■ About this exercise
Transcribe every entry that follows, word for word, and omit the images.

■ Material supplied
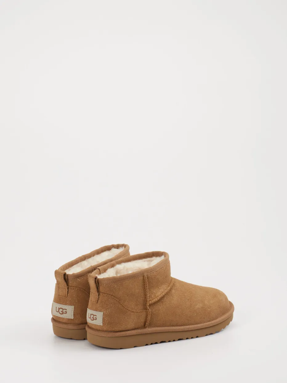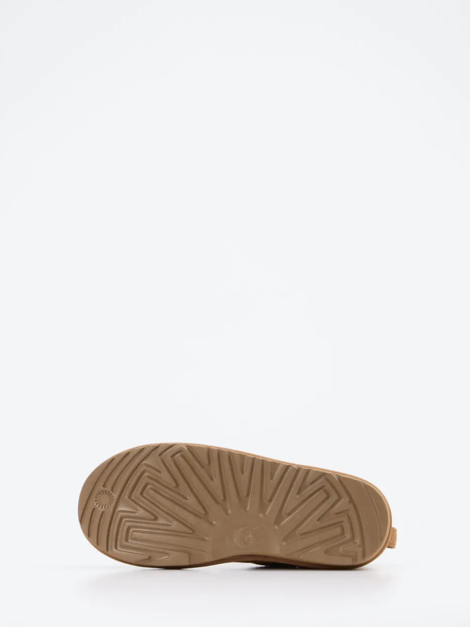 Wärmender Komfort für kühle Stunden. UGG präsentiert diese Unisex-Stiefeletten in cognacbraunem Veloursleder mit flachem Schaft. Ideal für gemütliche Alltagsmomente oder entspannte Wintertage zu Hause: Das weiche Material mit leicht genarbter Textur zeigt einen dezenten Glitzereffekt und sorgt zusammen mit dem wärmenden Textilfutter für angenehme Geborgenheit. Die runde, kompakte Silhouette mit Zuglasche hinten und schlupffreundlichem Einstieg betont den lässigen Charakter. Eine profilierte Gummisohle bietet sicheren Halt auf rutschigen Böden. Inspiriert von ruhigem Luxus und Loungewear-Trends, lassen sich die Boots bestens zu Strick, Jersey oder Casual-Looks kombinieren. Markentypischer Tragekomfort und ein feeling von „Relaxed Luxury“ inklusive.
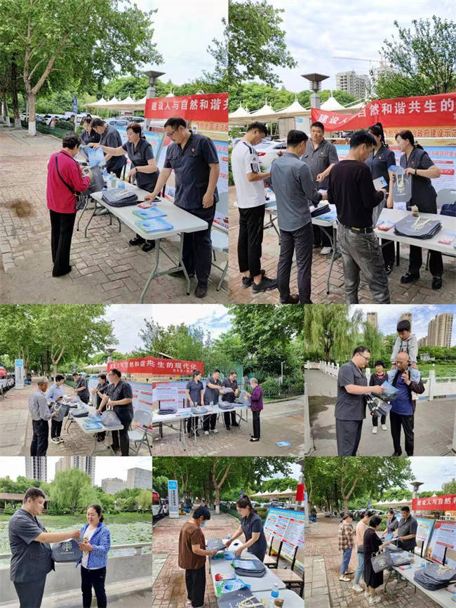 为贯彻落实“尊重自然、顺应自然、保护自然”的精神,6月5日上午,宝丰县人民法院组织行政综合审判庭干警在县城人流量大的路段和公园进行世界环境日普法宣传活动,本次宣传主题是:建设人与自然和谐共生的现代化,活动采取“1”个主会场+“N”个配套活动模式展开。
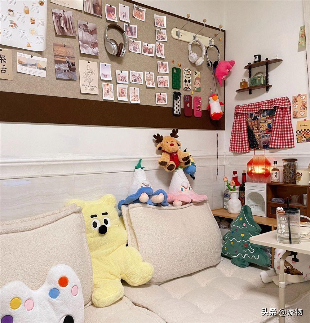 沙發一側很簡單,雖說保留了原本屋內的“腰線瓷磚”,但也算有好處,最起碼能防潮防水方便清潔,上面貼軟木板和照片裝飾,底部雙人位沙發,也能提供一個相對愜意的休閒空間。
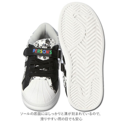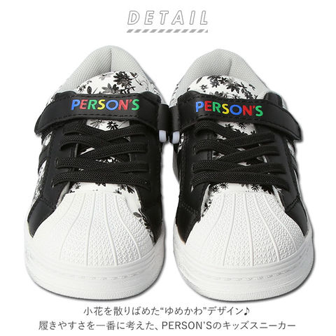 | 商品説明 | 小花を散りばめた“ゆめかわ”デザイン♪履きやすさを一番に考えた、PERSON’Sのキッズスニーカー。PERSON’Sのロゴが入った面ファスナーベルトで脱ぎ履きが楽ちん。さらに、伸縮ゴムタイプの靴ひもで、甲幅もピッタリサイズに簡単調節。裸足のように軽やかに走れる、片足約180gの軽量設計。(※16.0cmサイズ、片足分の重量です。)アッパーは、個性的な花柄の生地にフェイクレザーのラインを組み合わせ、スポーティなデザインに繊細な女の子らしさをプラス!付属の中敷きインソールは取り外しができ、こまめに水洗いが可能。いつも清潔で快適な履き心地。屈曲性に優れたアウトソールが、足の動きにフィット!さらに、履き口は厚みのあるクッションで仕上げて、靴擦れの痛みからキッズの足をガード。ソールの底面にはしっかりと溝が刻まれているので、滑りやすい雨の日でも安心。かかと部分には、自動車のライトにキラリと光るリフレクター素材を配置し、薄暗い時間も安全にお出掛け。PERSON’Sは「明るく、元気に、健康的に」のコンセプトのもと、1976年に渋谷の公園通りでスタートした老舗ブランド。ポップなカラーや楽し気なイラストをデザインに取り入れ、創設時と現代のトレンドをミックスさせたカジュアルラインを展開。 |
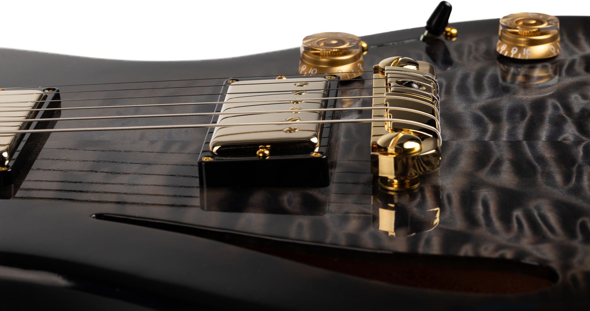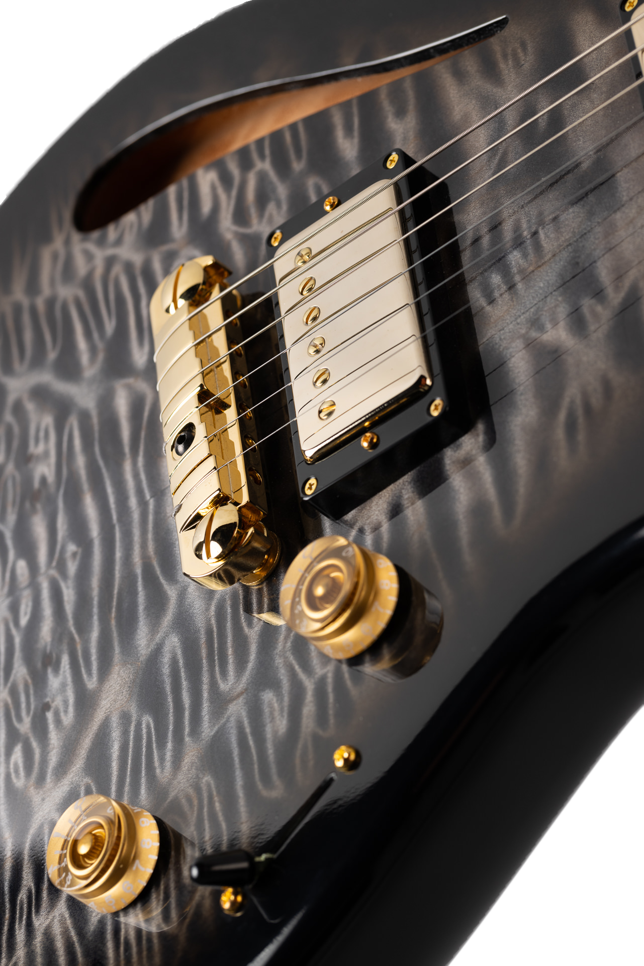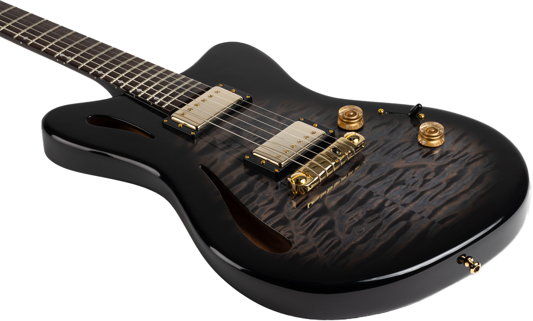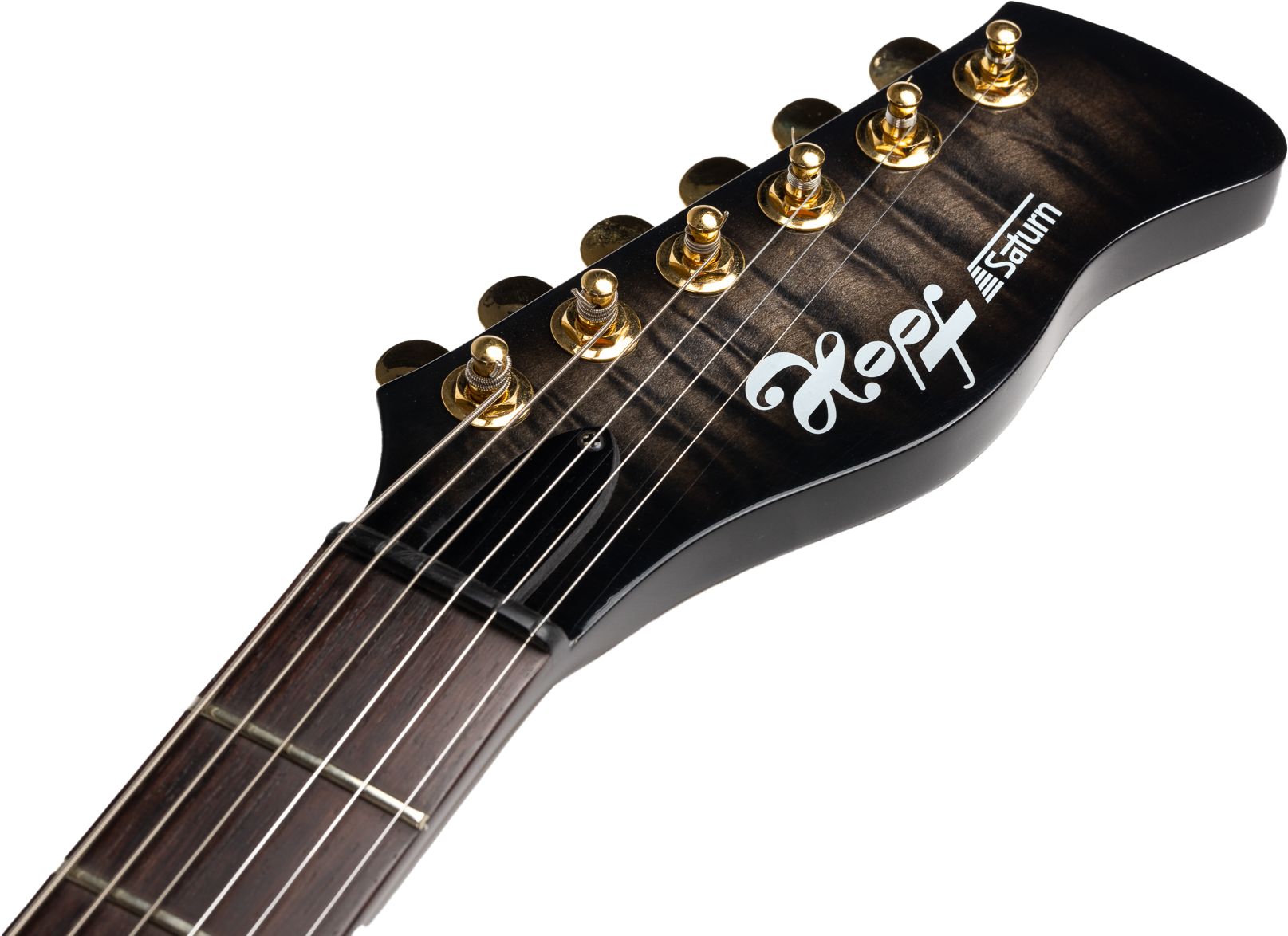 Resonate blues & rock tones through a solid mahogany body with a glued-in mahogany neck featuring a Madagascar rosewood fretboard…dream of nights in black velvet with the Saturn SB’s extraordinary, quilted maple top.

■ Response to the exercise
 Wärmender Komfort für kühle Stunden. UGG präsentiert diese Unisex-Stiefeletten in cognacbraunem Veloursleder mit flachem Schaft. Ideal für gemütliche Alltagsmomente oder entspannte Wintertage zu Hause: Das weiche Material mit leicht genarbter Textur zeigt einen dezenten Glitzereffekt und sorgt zusammen mit dem wärmenden Textilfutter für angenehme Geborgenheit. Die runde, kompakte Silhouette mit Zuglasche hinten und schlupffreundlichem Einstieg betont den lässigen Charakter. Eine profilierte Gummisohle bietet sicheren Halt auf rutschigen Böden. Inspiriert von ruhigem Luxus und Loungewear-Trends, lassen sich die Boots bestens zu Strick, Jersey oder Casual-Looks kombinieren. Markentypischer Tragekomfort und ein feeling von „Relaxed Luxury“ inklusive.
 为贯彻落实“尊重自然、顺应自然、保护自然”的精神,6月5日上午,宝丰县人民法院组织行政综合审判庭干警在县城人流量大的路段和公园进行世界环境日普法宣传活动,本次宣传主题是:建设人与自然和谐共生的现代化,活动采取“1”个主会场+“N”个配套活动模式展开。
 沙發一側很簡單,雖說保留了原本屋內的“腰線瓷磚”,但也算有好處,最起碼能防潮防水方便清潔,上面貼軟木板和照片裝飾,底部雙人位沙發,也能提供一個相對愜意的休閒空間。
 | 商品説明 | 小花を散りばめた“ゆめかわ”デザイン♪履きやすさを一番に考えた、PERSON’Sのキッズスニーカー。PERSON’Sのロゴが入った面ファスナーベルトで脱ぎ履きが楽ちん。さらに、伸縮ゴムタイプの靴ひもで、甲幅もピッタリサイズに簡単調節。裸足のように軽やかに走れる、片足約180gの軽量設計。(※16.0cmサイズ、片足分の重量です。)アッパーは、個性的な花柄の生地にフェイクレザーのラインを組み合わせ、スポーティなデザインに繊細な女の子らしさをプラス!付属の中敷きインソールは取り外しができ、こまめに水洗いが可能。いつも清潔で快適な履き心地。屈曲性に優れたアウトソールが、足の動きにフィット!さらに、履き口は厚みのあるクッションで仕上げて、靴擦れの痛みからキッズの足をガード。ソールの底面にはしっかりと溝が刻まれているので、滑りやすい雨の日でも安心。かかと部分には、自動車のライトにキラリと光るリフレクター素材を配置し、薄暗い時間も安全にお出掛け。PERSON’Sは「明るく、元気に、健康的に」のコンセプトのもと、1976年に渋谷の公園通りでスタートした老舗ブランド。ポップなカラーや楽し気なイラストをデザインに取り入れ、創設時と現代のトレンドをミックスさせたカジュアルラインを展開。 |
 Resonate blues & rock tones through a solid mahogany body with a glued-in mahogany neck featuring a Madagascar rosewood fretboard…dream of nights in black velvet with the Saturn SB’s extraordinary, quilted maple top.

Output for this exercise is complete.